To confirm/establish the diagnosis, CENTOGENE offers the following testing strategy for episodic ataxia using NGS Panel Genomic targeted towards this specific cerebellar ataxia phenotype:
Step 1: Repeat expansions analysis is offered for FXN.
Step 2: Whole genome sequencing from a single filter card. The sequencing covers the entire gene (coding region, exon/intron boundaries, intronic and promoter) for all the genes included in the Cerebellar ataxia panel. Copy Number Variants analysis derived from NGS data is also included.

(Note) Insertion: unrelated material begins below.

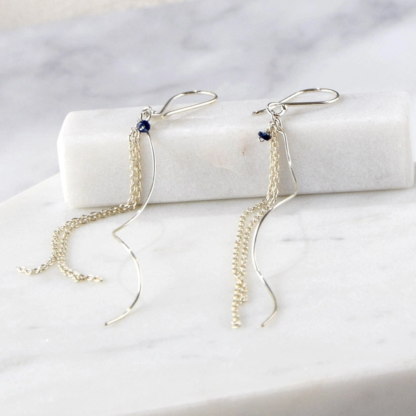 静線 SV925 ロングウェーブラインxブルーサファイアピアス
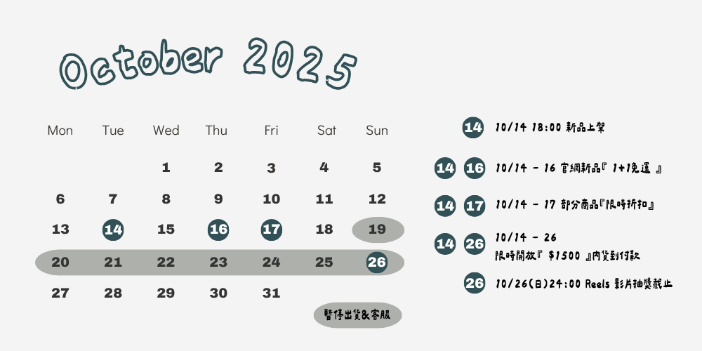 |新品優惠活動|◍ 10/14(二)18:00官網新品上架◍ 10/14(二)- 10/16(四)官網新品『 1+1免運 』◍ 10/14(二)- 10/17(五)部分商品『限時折扣』◍ 10/17(五)- 10/26(日)限時開放『 $1500 』內貨到付款◍ 10/26(日)24:00 Reels 影片抽獎截止. Reels影片一週內抽出得獎者,若有下單可直接退費🔺Summer Sale 10/31 24:00截止🔺🔺 10/19 (日) - 10/26(日)暫停出貨

Step 3: If no mutation is identified after analysis of the Cerebellar ataxia panel, we further recommend continuing the bioinformatics analysis of the data using whole genome sequencing to cover those genes which are either implicated in an overlapping phenotype or could be involved in a similar pathway but are not strongly clinically implicated based on the current information in literature.
Referral reasons
The following individuals are candidates for cerebellar ataxia panel testing:
- Individuals with a family history of cerebellar ataxia and presentation of the most common symptoms
- Individuals without a positive family history of cerebellar ataxia, but with resembling symptoms
- Individuals with a negative but suspected family history of cerebellar ataxia, in order to perform proper genetic counseling.
Test utility
Sequencing, deletion/duplication of the panel genes should be performed in all individuals suspected of having episodic ataxia and suspected phenotypes. In parallel, other genes reported to be related with this clinical phenotype should also be analyzed for the presence of mutations, due to the overlap in many clinical features caused by those particular genes.
Confirmation of a clinical diagnosis through genetic testing can allow for genetic counseling and may direct medical management. Genetic counseling can provide a patient and/or family with the natural history of the cerebellar ataxia and related disorders identify at-risk family members, provide disease risks as well as appropriate referral for patient support and/or resources.